The optical chip: a world changing technology

There were no seats left in book store Van Piere on the evening of Tuesday April 24th. Some 80 people, of whom about one third were students, attended the Studium Generale Science Cafe about the optical chip. IPI representatives Ton Backx and Meint Smit informed an obviously interested audience about the vast amount of possible applications of this revolutionary technology, and the current state of affairs in research.

‘Who is working with chips on a daily basis?’, Ton Backx starts by asking the audience. Only a couple of people raise their hands. ‘I think that is not true,’ he replies. ‘Everyone of you is working with chips, all of the time. Your smartphone, your car, even your washing machine: they are all loaded with chips based on micro-electronics. As far as we are concerned, in the future, most of these chips will at least partially be based on photonics.’

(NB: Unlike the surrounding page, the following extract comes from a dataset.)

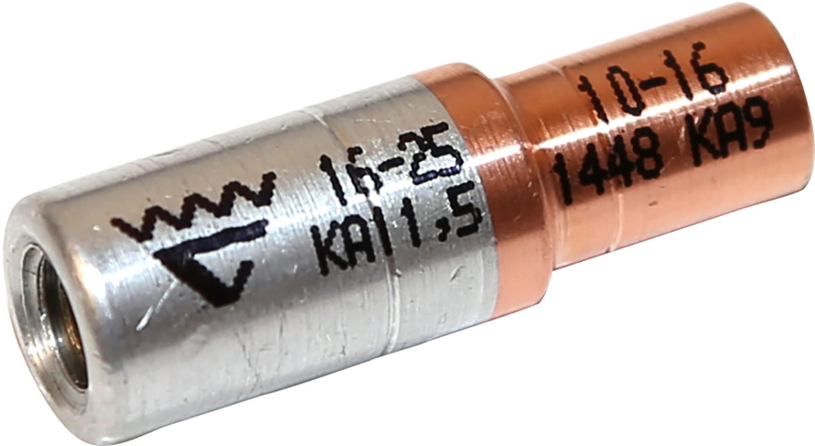 AlCu-Stoßverbinder für den Übergang von mehrdrähtigen Al-Leitern mit 16-25 mm² auf massive, mehrdrähtige, feindrähtige oder Schirmleiter aus Cu mit 10-16 mm². Beim Crimpen des Cu-Teils werden die Pressbacken zwischen der Markierung an der Hülse und der Außenkante positioniert. Verwendung mit dem zertifizierten Elpress-System V600.
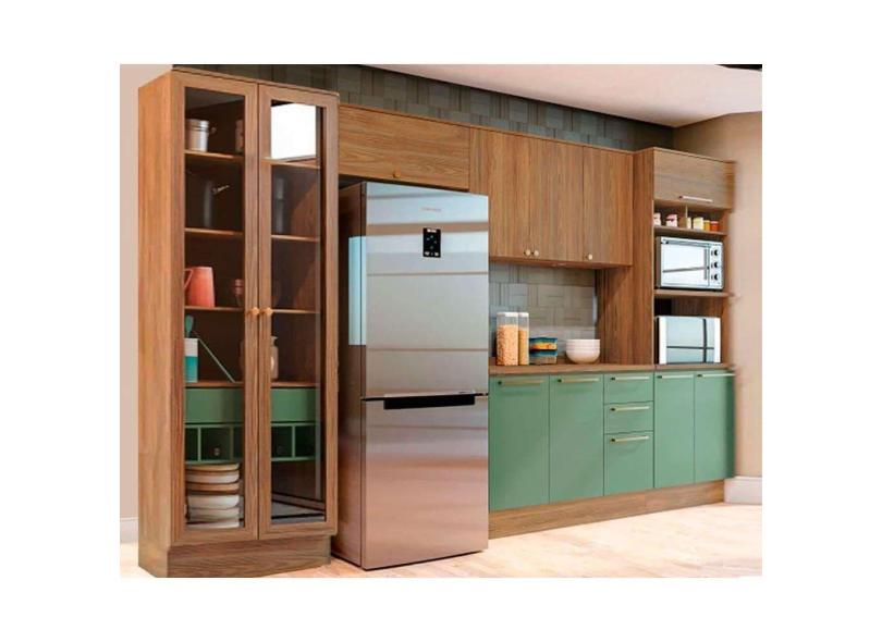 Cozinha Modulada Completa Botanic 6 Peças (2Aéreos+1Balcão+2Paneleiros+1Complemento) M665 Nogueira/Verde Oliva - Kappesberg

Tens of thousands of Netflix movies, per second

Photonics uses light instead of electrons to carry information, he explains. That has some major advantages, since it is possible to transport more data at lower energy costs. ‘We are hungry for data,’ Backx says. ‘And our current technology is reaching its limits. Where with micro-electronics, you can typically download one Netflix movie per second, photonics will enable you to download 57.500 of them in the same time. Datacenters currently work at a typical speed of 100 Gbits per second. In two years, that speed should already be increased tenfold to 1 terabit per second. And where it now costs 1 picoJoule (10-12 Joules) per bit of information being processed, we should be using on tenth of that per bit in five years. The only way to achieve both goals, is by implementing photonics as an additional technolgy to the current micro-electronics.’

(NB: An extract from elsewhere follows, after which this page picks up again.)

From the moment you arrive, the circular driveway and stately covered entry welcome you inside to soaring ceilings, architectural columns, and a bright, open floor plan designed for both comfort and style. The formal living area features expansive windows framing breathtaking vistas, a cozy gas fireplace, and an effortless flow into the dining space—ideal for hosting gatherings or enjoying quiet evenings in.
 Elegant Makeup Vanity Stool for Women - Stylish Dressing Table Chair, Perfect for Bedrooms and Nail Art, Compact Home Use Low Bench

Eindhoven as a photonics hotspot

The ambitions of IPI and the Eindhoven region are high, Backx states. ‘Worldwide, there will be three hotspots for photonics, comparable to Silicon Valley for micro-electronics. And we will be one of them.’

‘That is quite an ambition. What makes you think this region can live up to that promise?’, is the immediate question that follows from the audience. ‘Because we are working on active components like lasers and amplifiers, and we have developed a generic technology. No one can get around us,’  Backx swiftly replies. Other questions demonstrate a same amount of broad interest, and variety of backgrounds of the audience: They vary from technical details to ethical debates and obstacles Backx expects along the way toward actual market introduction. To round up this first part of the evening, presenter Gijs van de Sande asks in what way this technology will have impacted our lives in 2050. Backx replies with an anecdote: ‘In the late seventies, IBM presented their first personal computer. At that occasion, the president of the company stated that he expected to sell at maximum 100 of them, “because the world doesn’t need more than 100 computers.” Who could have predicted then our current digitized society, or products like the smartphone? Photonics will have the same revolutionary impact, and it will enable applications beyond any of our current imaginations.’

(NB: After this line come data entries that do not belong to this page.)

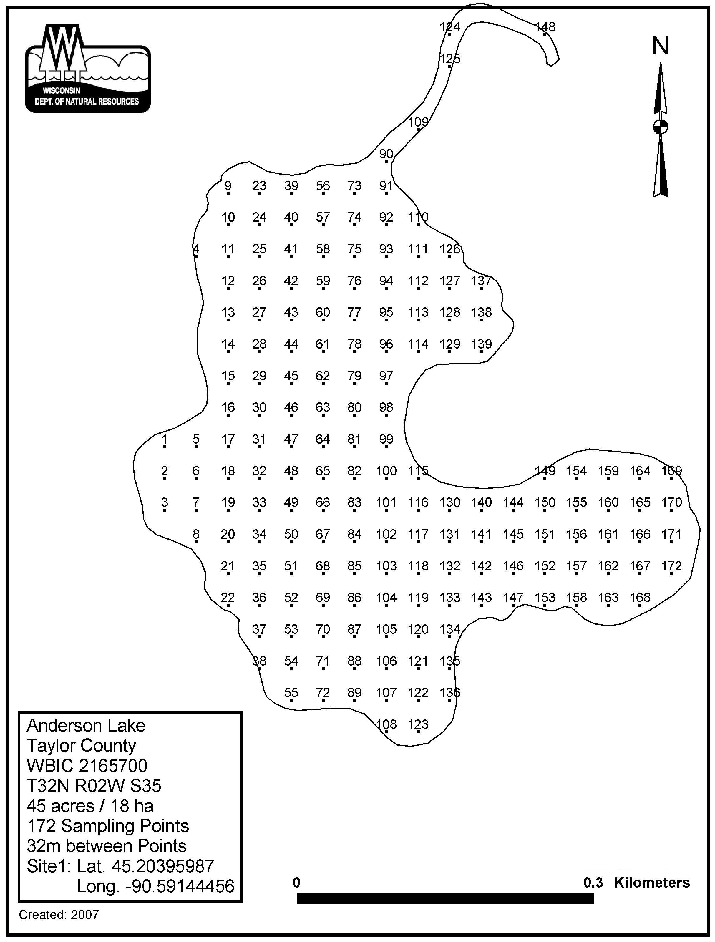 Anderson Lake, Taylor County - Aquatic Plant Sampling Map (32 mpts)
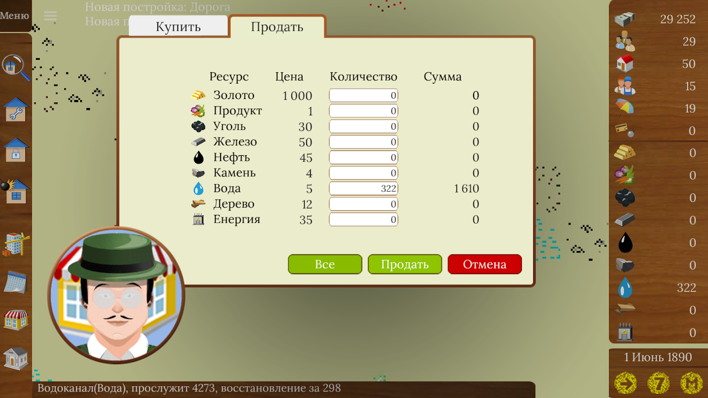 · Количество ваших денег и ресурсов отображается на экране справа, а сообщения - снизу.
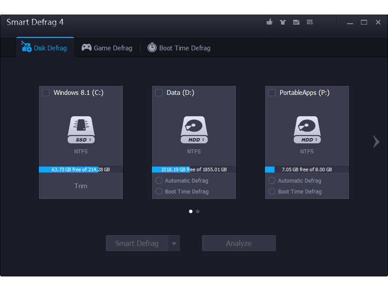 Smart Defrag is a powerful disk defragmenter with a fast engine and an easy to use interface. It's freeware for personal and business use. Like all defrag utilities, this requires admin privileges to run. It's been specially designed for modern, large hard drives, so it eliminates long waiting time. Smart Defrag doesn't just use simple defragmentation. It also streamlines your file system, places the frequently used files and directories into the fastest area of the disk, enabling your computer to run at top speed with the most stability. Its intuitive interface makes Smart Defrag the ideal utility for complete computer novice. Note that boot time defrag is not supported with the portable version and should not be used.

A trip through thirty-five years of research

After a short break, Meint Smit takes over the floor. As a pioneer in the field of integrated photonics, he is ideally suited to guide the attendees through thirty-five years of research advancements in this field. ‘We started in Eindhoven by making optical waveguides, that transport signals from one place to the other. With these waveguides in our hands, we took the next step, and made so-called optical waveguide multiplexers: devices that split a signal into its different wavelengths, and the other way around, couple different wavelengths into one signal. This multiplexer is the basis for the success of glass fiber technology: since you can couple multiple wavelengths into one fiber, it is possible to achieve much higher bandwidths. That technology we developed in 1988 is now widely used: you can find it at the beginning and the end of each fiber.’

Sharing production costs

Smit gives examples of different technologies derived from those two basic components. Running from phase shifters that enable switches with switch rates of over 10 billion times per second, to light amplifiers and lasers with all kinds of specific features. ‘At TU/e, we were amongst the first to use standardized methods to make components in a reliable and reproducible way. In 2007 we pioneered the field again, and started organizing multiple wafer runs, which enable multiple designs to be printed onto one wafer. Processing one 10 centimeter wafer that is able to host hundreds of chips costs about 200.000 euros. Since in a developmental phase, you typically need less than ten chips of a specific design, that is too costly. But when researchers and companies can share these costs, the developments in optical chip making are sped up significantly.’

Today, over 350 different photonic integrated circuits have been produced this way, he says with pride. ‘These range from lasers, Terahertz and radiofrequency circuits to optical data handling systems and optical switches. Last year, we even managed to produce a record-breaking data handling transmitter that is able to transmit 360 gigabits per second.’
Over the last thirty years, Smit was part of a tremendous development in photonics, he concludes. ‘And now we are finally on the verge of breaking through to the market.’